I've also carefully checked the code, and added some changes. Some key updates:

  1. improve the downloading logic -- it will remove the tar file when downloaded, and check the existence of the untar'ed files.
  2. further simplify the layoutmodel.py, removing unnecessary variables and definitions.

Please note, you mentioned in the previous version that paddle mode may support specifying batch_size during inference, however that variable was never used. And in the future we might need to move the paddle model to dropbox/aws as the downloading speed is ~2MB/s in US, taking around 2~3 minutes to download the whole model, which might be suboptimal. Otherwise I think this PR is ready to be merged - please take a quick look and let me know if the new changes are OK. Thanks for the great work!

Hi, thanks for your new changes, which further simplifies the code.
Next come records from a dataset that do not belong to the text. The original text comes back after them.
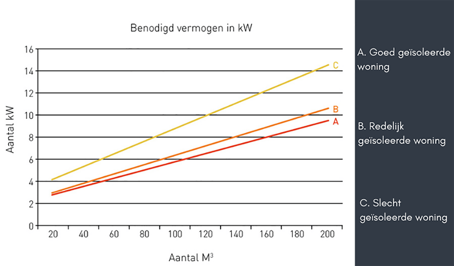 Met het vermogen van de gashaard bedoelen we de maximale warmteopbrengst. Als je een gashaard met een te hoog vermogen kiest, wordt de kamer te warm, en kies je een te laag vermogen dan blijft de kamer te koud als je die volledig met de gashaard zou verwarmen. De volgende grafiek helpt bij de keuze van het vermogen. Je rekent eerst het volume van de kamer uit en vervolgens kun je op basis van deze grafiek het vermogen aflezen voor een slecht geïsoleerde woning, een matig geïsoleerde woning en een goed geïsoleerde woning.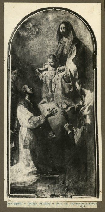 Riproduzione fotografica della pala con la "Madonna con Bambino e San Valentino" conservata presso uno degli altari nella Chiesa di San Giacomo a Clauzetto.
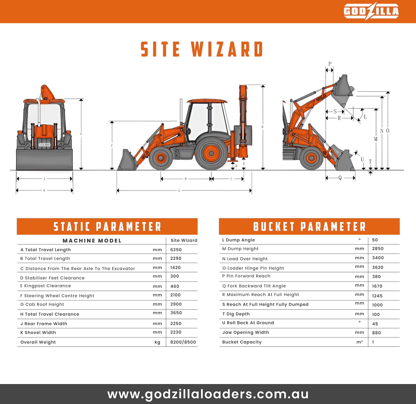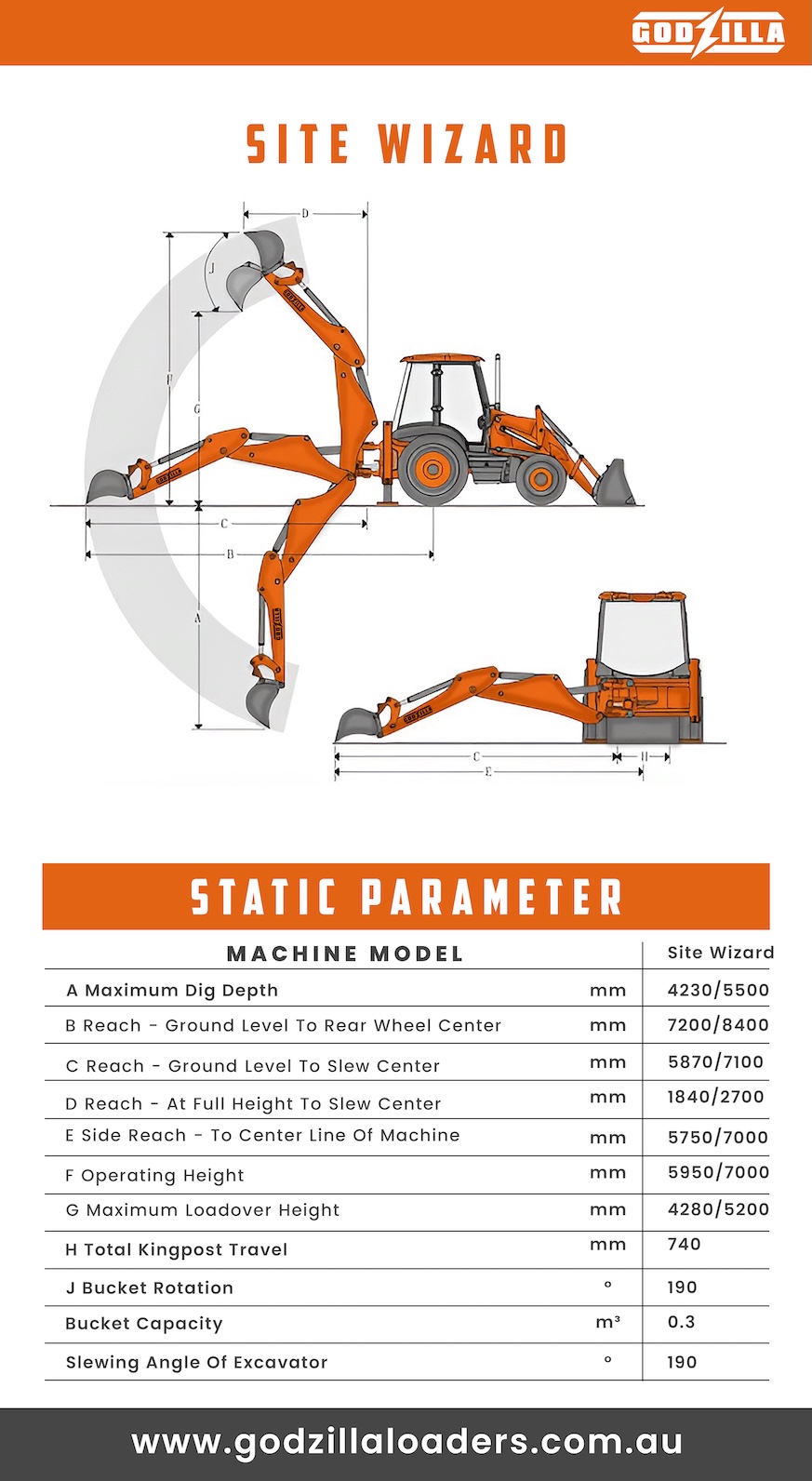 The Godzilla Site Wizard is a heavy-duty 8.2 tonne backhoe loader designed for serious earthmoving, trenching and material handling applications. Combining a powerful front loader with a high-performance rear excavator arm, it delivers the versatility contractors expect — without the premium brand price tag.
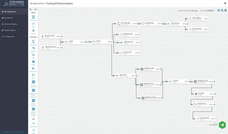 Dentro del HDF tenemos el Streaming Analytics Manager (SAM) que permite construir analítica en streaming de forma sencilla, arrastrando componentes: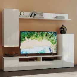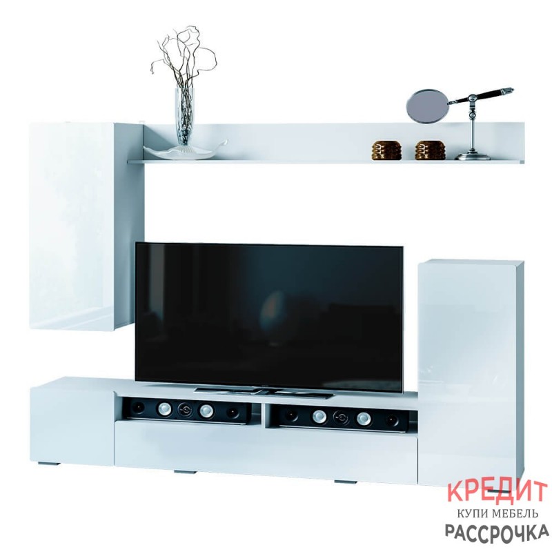 Стильный вариант гостиной "Диаманд" будет прекрасно смотреться в любом интерьере. Белые фасады без ручек и лишнего декора выглядят современно. На верхней открытой полке вы сможете разместить свои любимые сувениры или фотографии.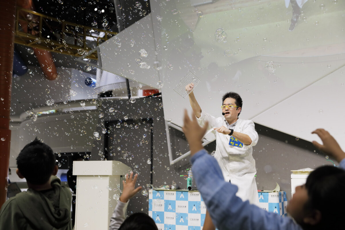 科学のプロ「サイエンスチーム」のみなさんが考案したサイエンスショーは、科学の魅力や不思議、面白さを間近でみられる大人気のショー。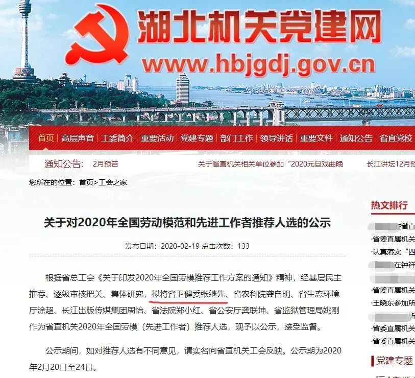 最近,湖北機關黨建網發布了《關于對2020年全國勞動模范和優質工作者推薦人選的公示》(以下簡稱公示),之前引發關注的”疫情上報第一人”張繼先,作為省直機關2020年全國勞模(優質工作者)推薦人選出現在公示欄中。螺桿泵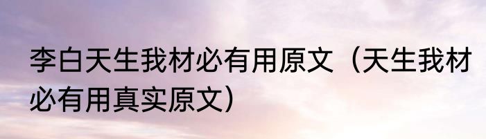 李白天生我材必有用原文(天生我材必有用真实原文)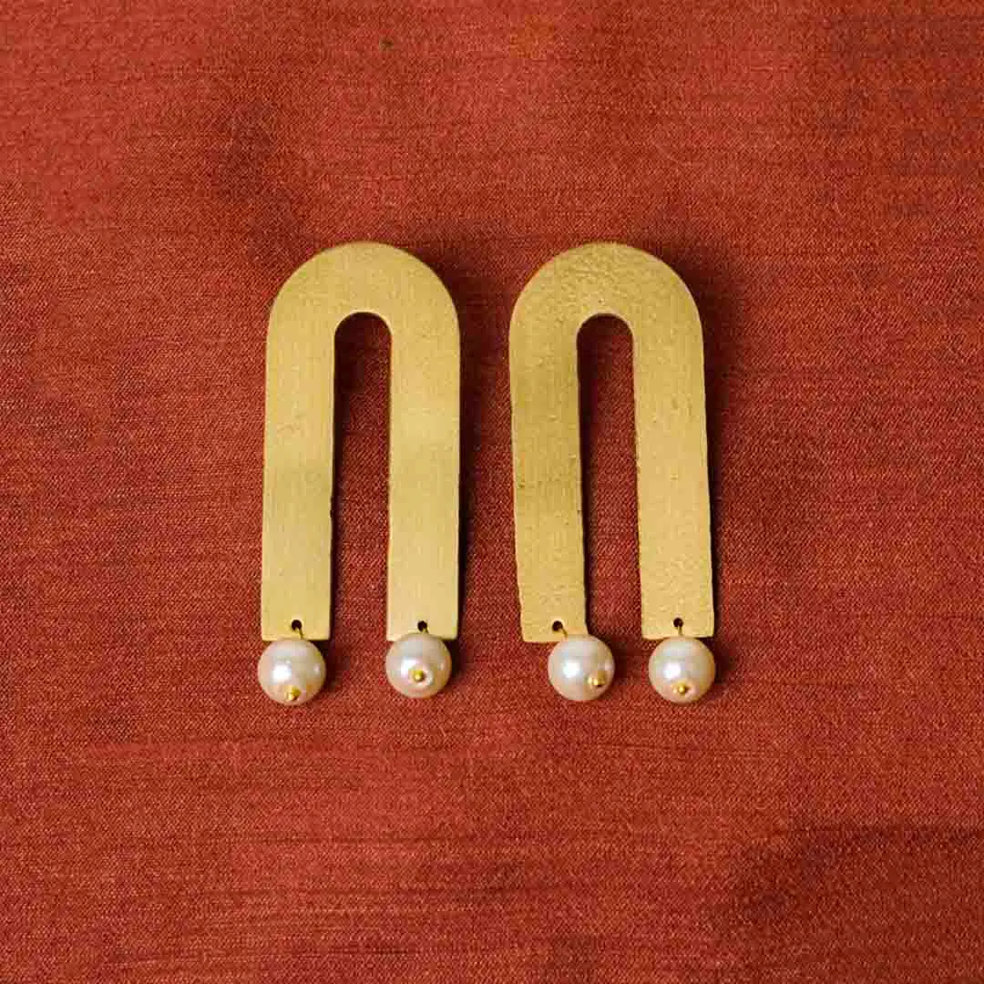 Brass U Shaped Pearl Drop Earrings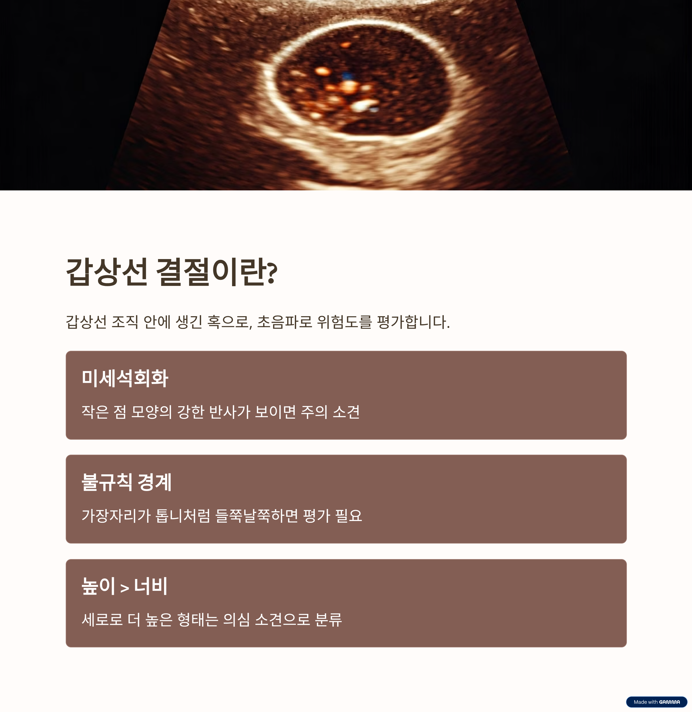 갑상선 결절은 갑상선 조직 안에 생긴 혹을 말해요. 초음파로 모양과 성상에 따라 위험도를 나눕니다.

  • For the model download source, it is ok to support dropbox/aws, but we hope baidu source is the prior choice since there are also many developers in China.
  • Batch size is not used in the code, which is just designed for the expansion, thanks for your check.
  • The changes are ok for me, thanks for your careful review again!

I think ultimately we'll provide better downloading support, e.g., mirrored downloading sites and or something mentioned in #43 . At that time, ppl from different regions can choose the best downloading methods accordingly.